[Work to be completed] Without including any pictures, retype exactly the lines from the top of the records through the line containing "An elegant yellow", that final line included.

(Excerpted records begins)

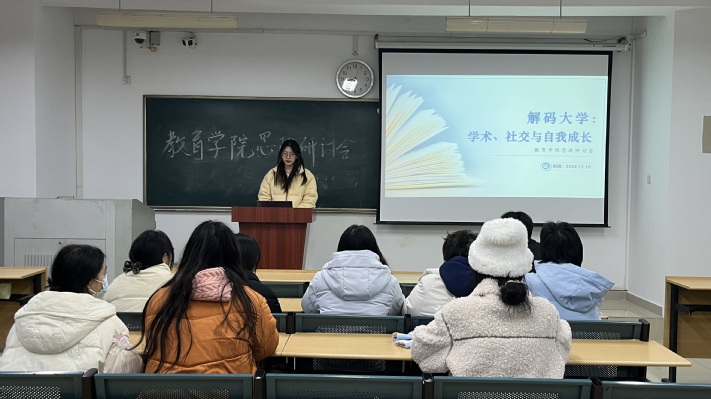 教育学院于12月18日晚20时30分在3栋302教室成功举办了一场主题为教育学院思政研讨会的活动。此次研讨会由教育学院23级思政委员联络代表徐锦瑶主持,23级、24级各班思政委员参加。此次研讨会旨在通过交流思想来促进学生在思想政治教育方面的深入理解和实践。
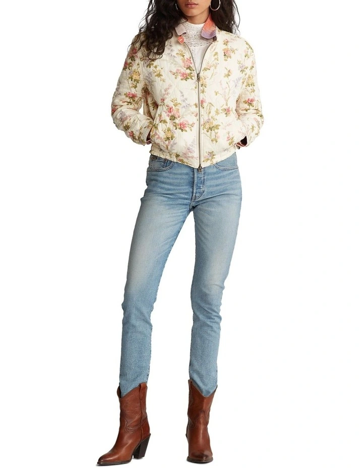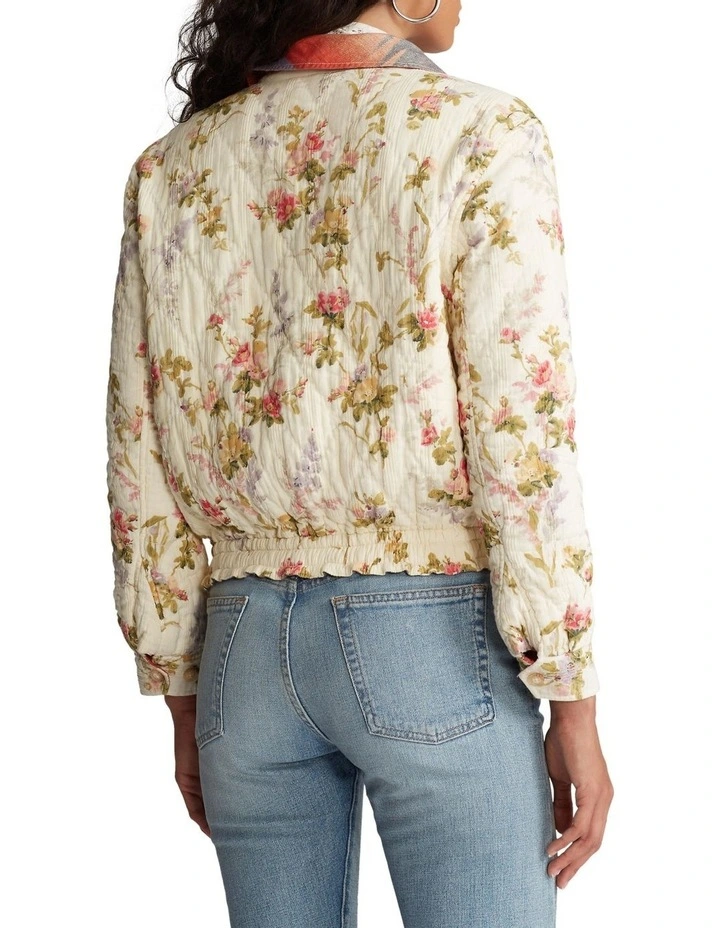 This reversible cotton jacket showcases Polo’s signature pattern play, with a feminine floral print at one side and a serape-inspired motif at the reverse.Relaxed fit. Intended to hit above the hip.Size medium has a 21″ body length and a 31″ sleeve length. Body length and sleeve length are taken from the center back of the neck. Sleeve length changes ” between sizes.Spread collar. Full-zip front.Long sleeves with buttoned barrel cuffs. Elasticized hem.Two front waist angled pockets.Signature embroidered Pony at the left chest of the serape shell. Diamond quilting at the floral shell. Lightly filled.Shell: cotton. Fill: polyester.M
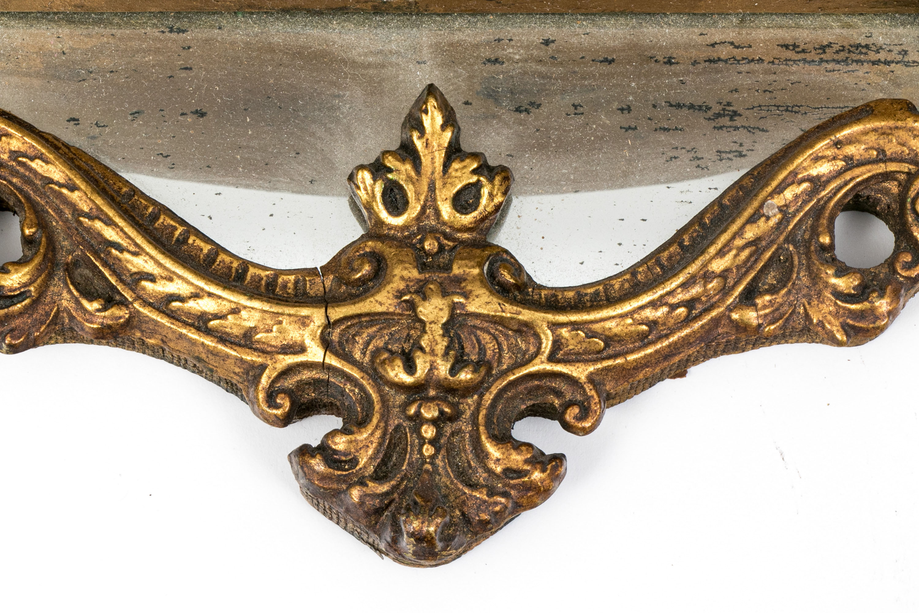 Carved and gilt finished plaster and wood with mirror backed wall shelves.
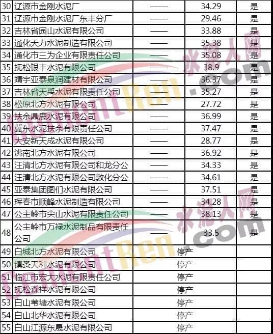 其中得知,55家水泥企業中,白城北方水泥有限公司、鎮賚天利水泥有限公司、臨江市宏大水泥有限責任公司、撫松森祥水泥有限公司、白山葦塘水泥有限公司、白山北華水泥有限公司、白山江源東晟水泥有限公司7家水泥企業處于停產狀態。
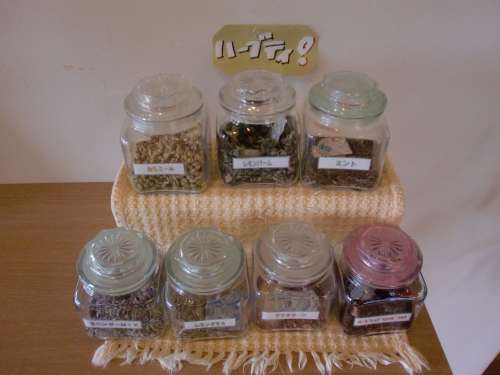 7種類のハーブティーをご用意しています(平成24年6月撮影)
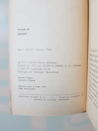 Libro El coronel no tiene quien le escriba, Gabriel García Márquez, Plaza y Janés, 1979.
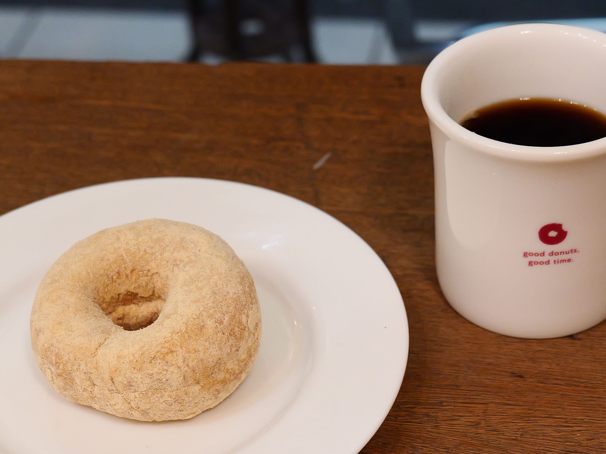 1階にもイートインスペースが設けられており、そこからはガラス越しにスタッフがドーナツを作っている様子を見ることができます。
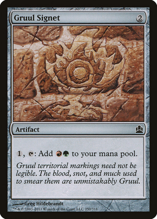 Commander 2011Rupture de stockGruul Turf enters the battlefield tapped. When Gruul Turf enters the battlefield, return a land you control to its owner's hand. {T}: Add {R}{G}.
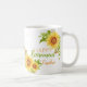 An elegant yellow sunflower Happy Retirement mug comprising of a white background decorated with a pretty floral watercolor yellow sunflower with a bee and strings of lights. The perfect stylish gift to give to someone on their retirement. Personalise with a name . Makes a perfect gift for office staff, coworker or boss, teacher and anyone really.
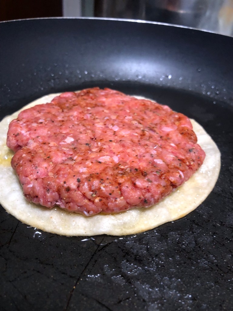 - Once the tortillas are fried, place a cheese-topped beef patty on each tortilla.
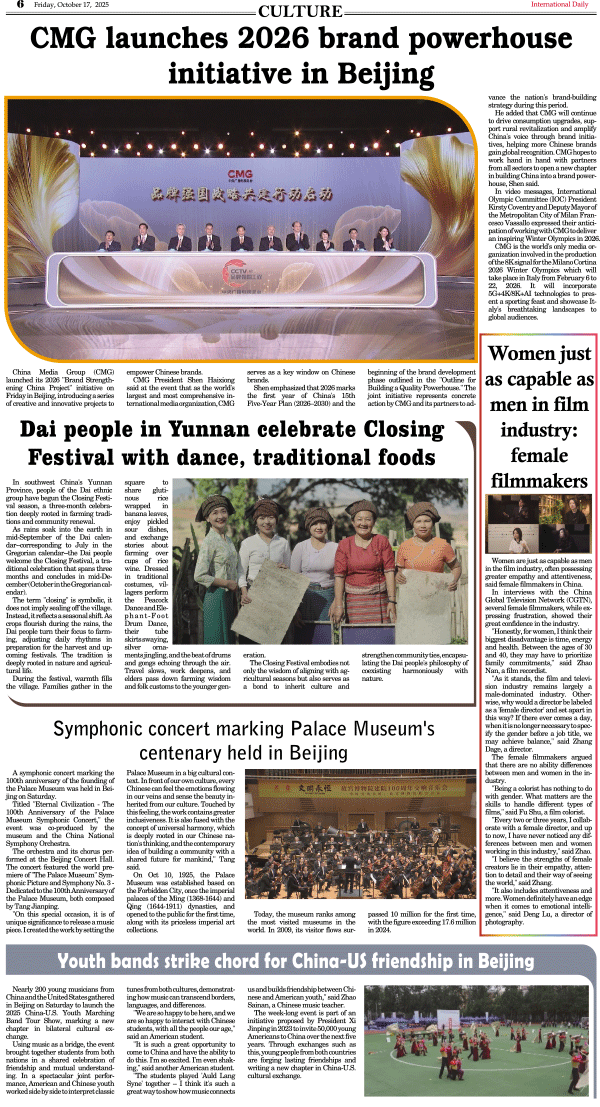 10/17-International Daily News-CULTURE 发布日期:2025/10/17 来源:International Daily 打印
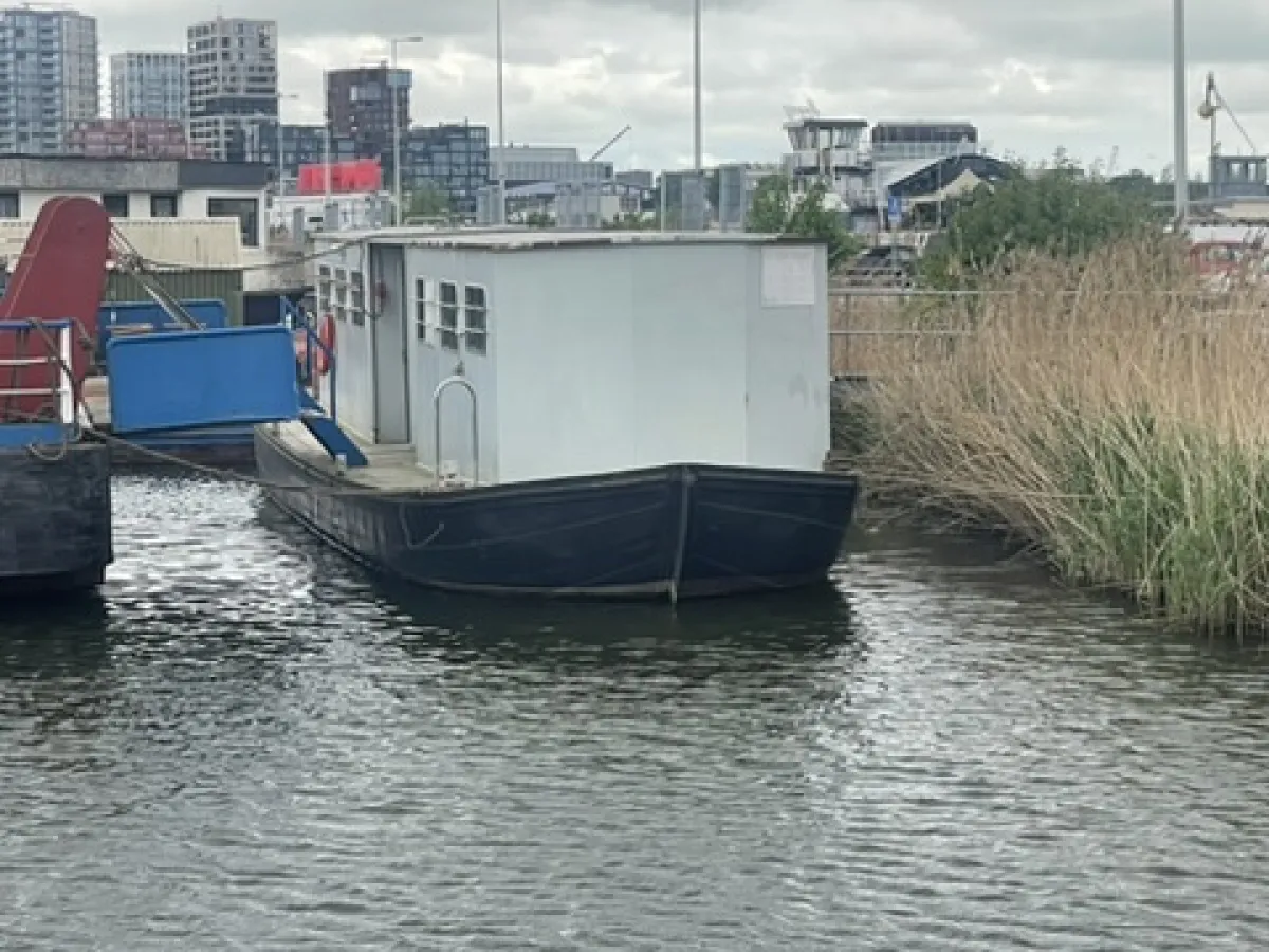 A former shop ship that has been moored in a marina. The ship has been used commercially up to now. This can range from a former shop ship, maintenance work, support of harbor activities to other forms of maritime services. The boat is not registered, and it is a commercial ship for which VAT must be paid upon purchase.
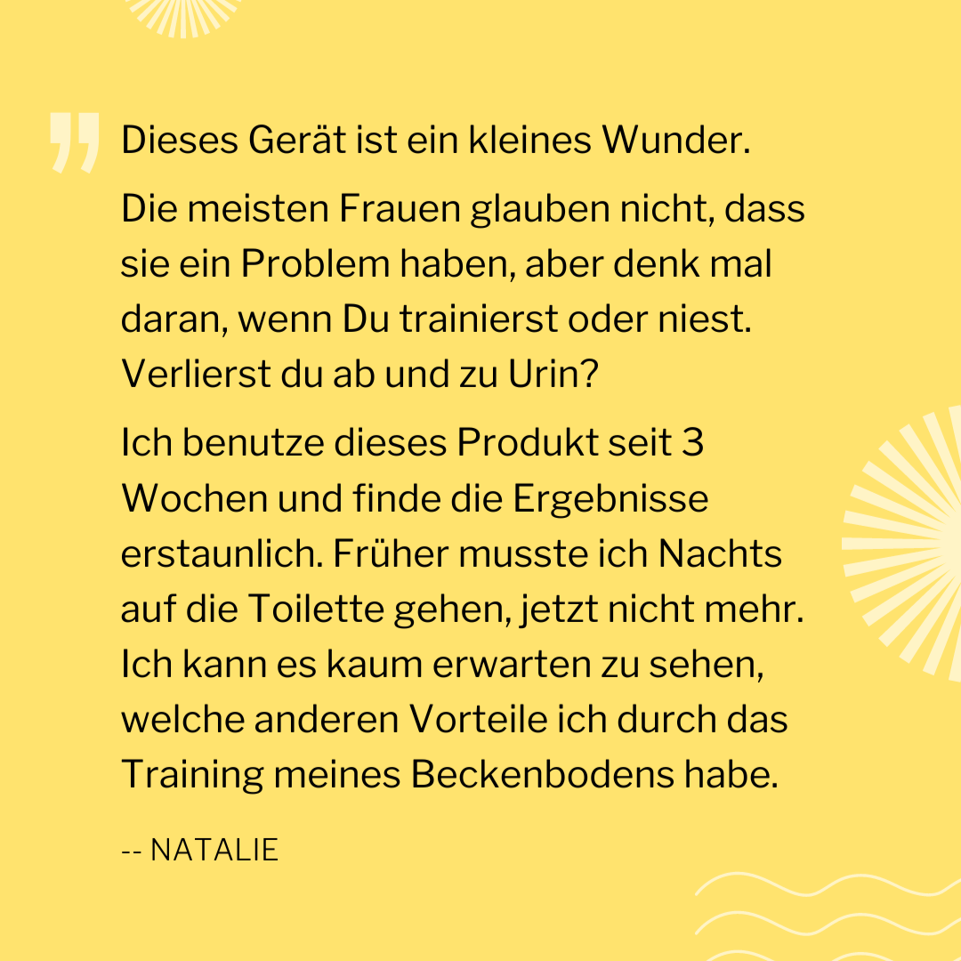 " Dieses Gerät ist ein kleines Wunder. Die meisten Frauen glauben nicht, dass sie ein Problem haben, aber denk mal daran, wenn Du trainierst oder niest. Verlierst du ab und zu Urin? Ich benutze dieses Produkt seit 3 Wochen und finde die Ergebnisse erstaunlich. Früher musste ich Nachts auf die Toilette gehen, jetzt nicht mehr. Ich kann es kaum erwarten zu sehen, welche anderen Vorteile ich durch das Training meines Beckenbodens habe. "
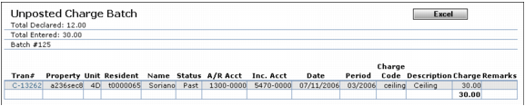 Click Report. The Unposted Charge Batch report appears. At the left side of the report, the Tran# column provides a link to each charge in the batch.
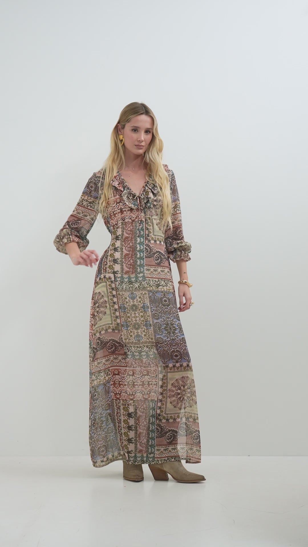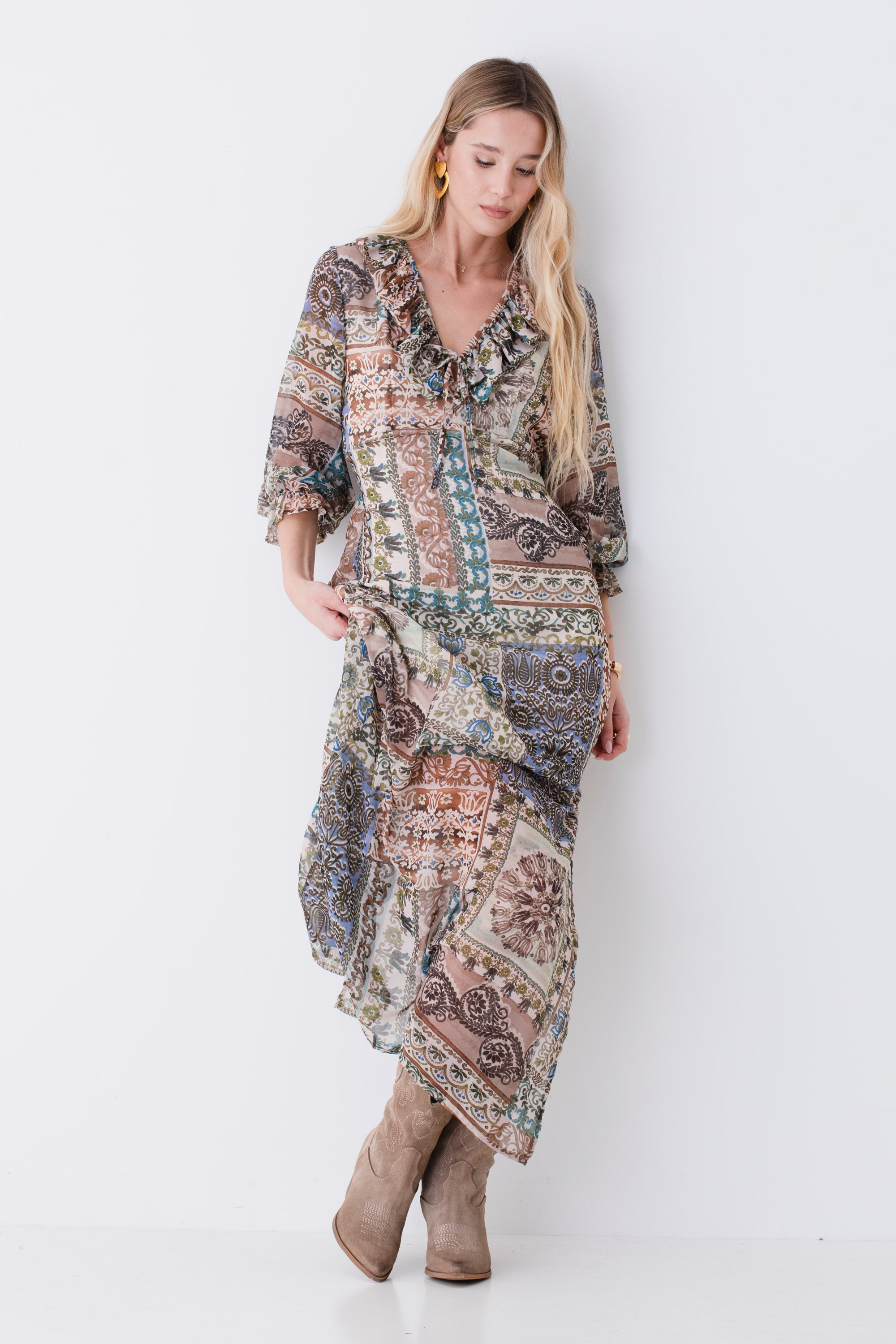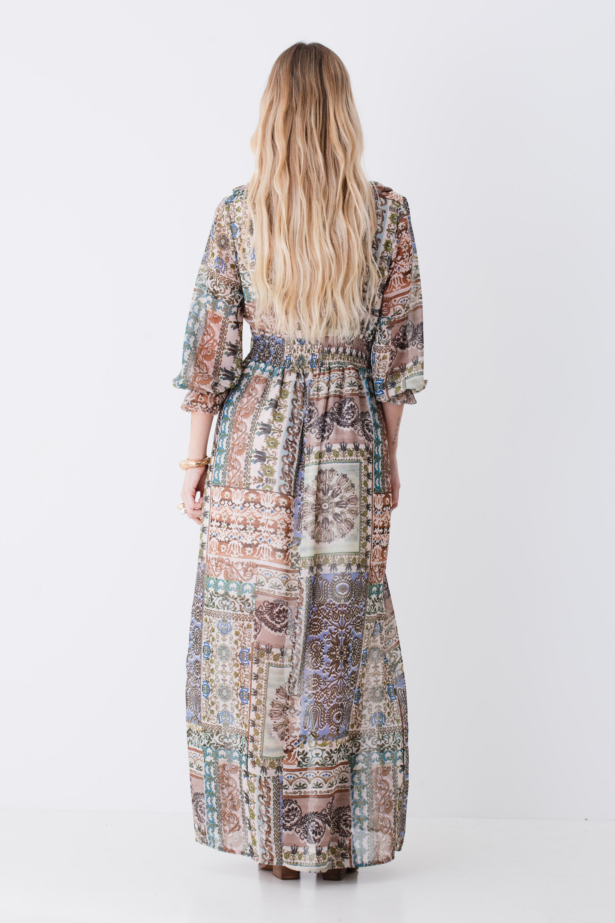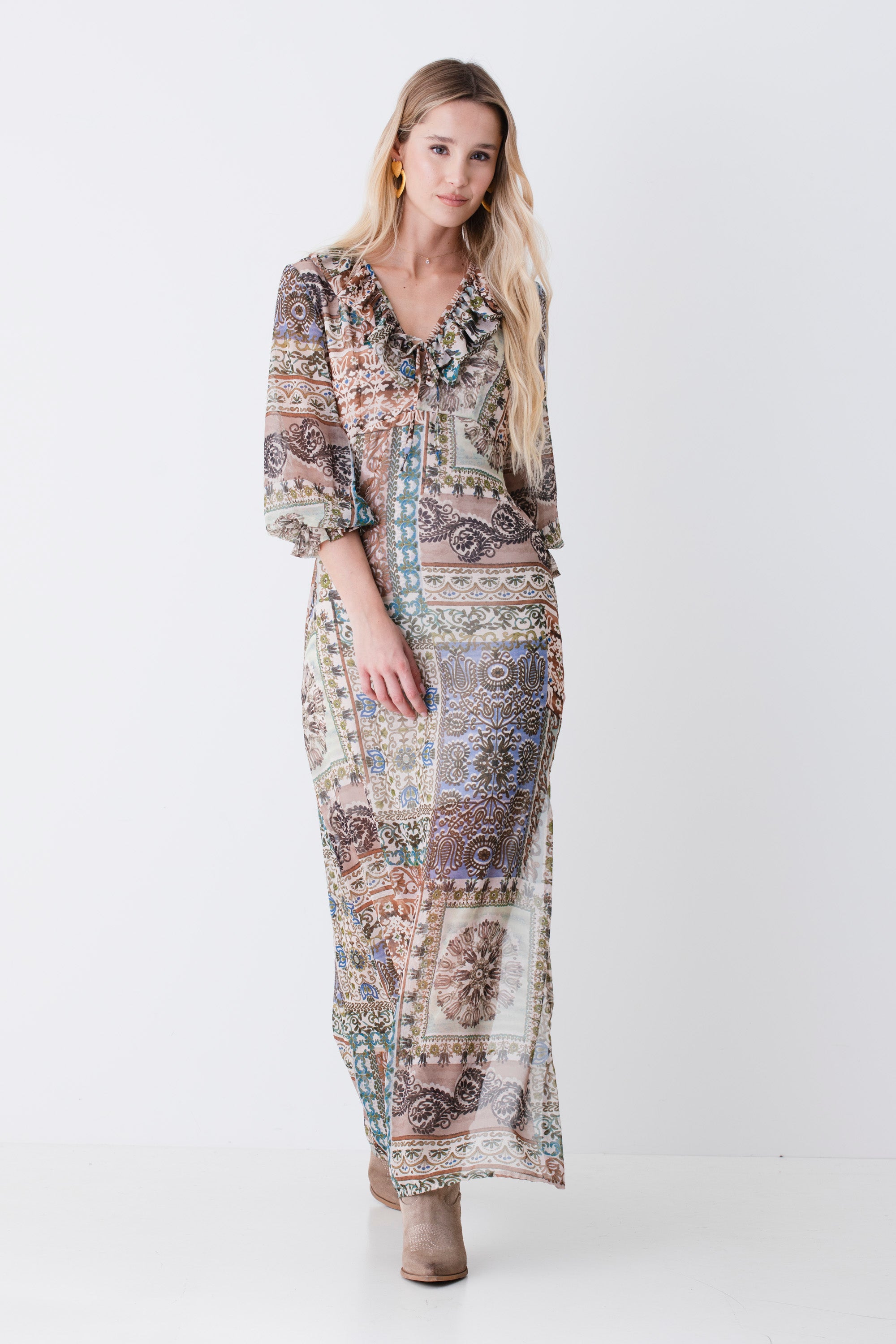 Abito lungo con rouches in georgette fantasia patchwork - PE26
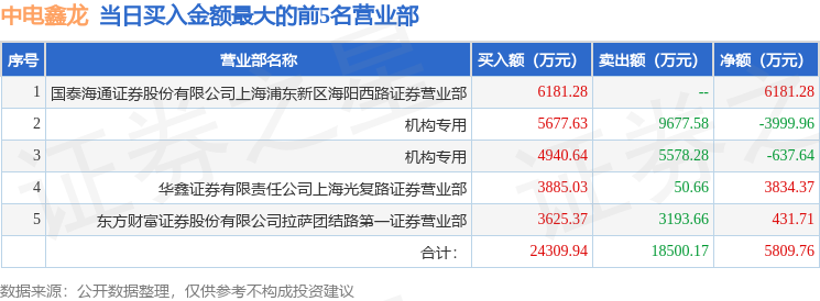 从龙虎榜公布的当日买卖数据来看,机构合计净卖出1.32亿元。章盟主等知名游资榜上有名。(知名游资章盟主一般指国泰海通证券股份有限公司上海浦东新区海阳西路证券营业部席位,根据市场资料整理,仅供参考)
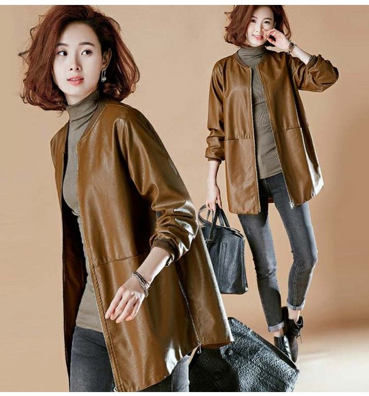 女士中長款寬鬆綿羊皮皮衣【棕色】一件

(Excerpted records ends)

[Solution for this problem]
 教育学院于12月18日晚20时30分在3栋302教室成功举办了一场主题为教育学院思政研讨会的活动。此次研讨会由教育学院23级思政委员联络代表徐锦瑶主持,23级、24级各班思政委员参加。此次研讨会旨在通过交流思想来促进学生在思想政治教育方面的深入理解和实践。
 This reversible cotton jacket showcases Polo’s signature pattern play, with a feminine floral print at one side and a serape-inspired motif at the reverse.Relaxed fit. Intended to hit above the hip.Size medium has a 21″ body length and a 31″ sleeve length. Body length and sleeve length are taken from the center back of the neck. Sleeve length changes ” between sizes.Spread collar. Full-zip front.Long sleeves with buttoned barrel cuffs. Elasticized hem.Two front waist angled pockets.Signature embroidered Pony at the left chest of the serape shell. Diamond quilting at the floral shell. Lightly filled.Shell: cotton. Fill: polyester.M
 Carved and gilt finished plaster and wood with mirror backed wall shelves.
 其中得知,55家水泥企業中,白城北方水泥有限公司、鎮賚天利水泥有限公司、臨江市宏大水泥有限責任公司、撫松森祥水泥有限公司、白山葦塘水泥有限公司、白山北華水泥有限公司、白山江源東晟水泥有限公司7家水泥企業處于停產狀態。
 7種類のハーブティーをご用意しています(平成24年6月撮影)
 Libro El coronel no tiene quien le escriba, Gabriel García Márquez, Plaza y Janés, 1979.
 1階にもイートインスペースが設けられており、そこからはガラス越しにスタッフがドーナツを作っている様子を見ることができます。
 Commander 2011Rupture de stockGruul Turf enters the battlefield tapped. When Gruul Turf enters the battlefield, return a land you control to its owner's hand. {T}: Add {R}{G}.
 An elegant yellow sunflower Happy Retirement mug comprising of a white background decorated with a pretty floral watercolor yellow sunflower with a bee and strings of lights. The perfect stylish gift to give to someone on their retirement. Personalise with a name . Makes a perfect gift for office staff, coworker or boss, teacher and anyone really.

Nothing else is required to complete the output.